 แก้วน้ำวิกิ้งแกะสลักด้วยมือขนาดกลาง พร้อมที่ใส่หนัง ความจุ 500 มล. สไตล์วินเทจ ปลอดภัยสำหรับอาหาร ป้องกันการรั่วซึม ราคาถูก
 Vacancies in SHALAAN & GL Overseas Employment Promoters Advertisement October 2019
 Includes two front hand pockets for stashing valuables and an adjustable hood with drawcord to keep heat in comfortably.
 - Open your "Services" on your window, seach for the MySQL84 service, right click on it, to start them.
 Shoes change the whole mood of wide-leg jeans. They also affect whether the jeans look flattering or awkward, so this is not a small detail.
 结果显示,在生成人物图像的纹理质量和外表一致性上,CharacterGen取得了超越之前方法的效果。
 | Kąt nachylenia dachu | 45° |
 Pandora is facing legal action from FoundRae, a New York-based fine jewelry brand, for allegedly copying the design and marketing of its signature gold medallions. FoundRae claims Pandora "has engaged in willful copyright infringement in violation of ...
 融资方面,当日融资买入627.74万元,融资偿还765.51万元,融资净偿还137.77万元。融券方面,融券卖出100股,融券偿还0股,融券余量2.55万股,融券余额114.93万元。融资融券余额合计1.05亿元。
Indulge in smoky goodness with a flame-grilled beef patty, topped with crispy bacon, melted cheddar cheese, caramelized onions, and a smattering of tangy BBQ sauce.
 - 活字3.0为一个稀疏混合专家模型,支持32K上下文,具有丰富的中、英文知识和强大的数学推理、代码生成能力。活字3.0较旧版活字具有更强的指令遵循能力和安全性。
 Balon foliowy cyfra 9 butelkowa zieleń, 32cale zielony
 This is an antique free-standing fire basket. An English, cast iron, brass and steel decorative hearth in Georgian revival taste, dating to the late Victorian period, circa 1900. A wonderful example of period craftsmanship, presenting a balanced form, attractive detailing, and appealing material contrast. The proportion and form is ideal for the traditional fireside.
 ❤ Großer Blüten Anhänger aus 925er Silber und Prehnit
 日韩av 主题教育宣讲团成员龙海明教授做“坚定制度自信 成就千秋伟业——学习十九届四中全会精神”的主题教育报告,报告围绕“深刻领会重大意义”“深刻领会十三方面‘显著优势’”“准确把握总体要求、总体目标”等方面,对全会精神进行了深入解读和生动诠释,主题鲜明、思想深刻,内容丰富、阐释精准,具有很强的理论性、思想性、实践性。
- - - -
> **GOAL OF THE EXERCISE**:
Go through the data and copy every line that includes "with".

> **RESULT OF THIS TASK**:
 Includes two front hand pockets for stashing valuables and an adjustable hood with drawcord to keep heat in comfortably.
Indulge in smoky goodness with a flame-grilled beef patty, topped with crispy bacon, melted cheddar cheese, caramelized onions, and a smattering of tangy BBQ sauce.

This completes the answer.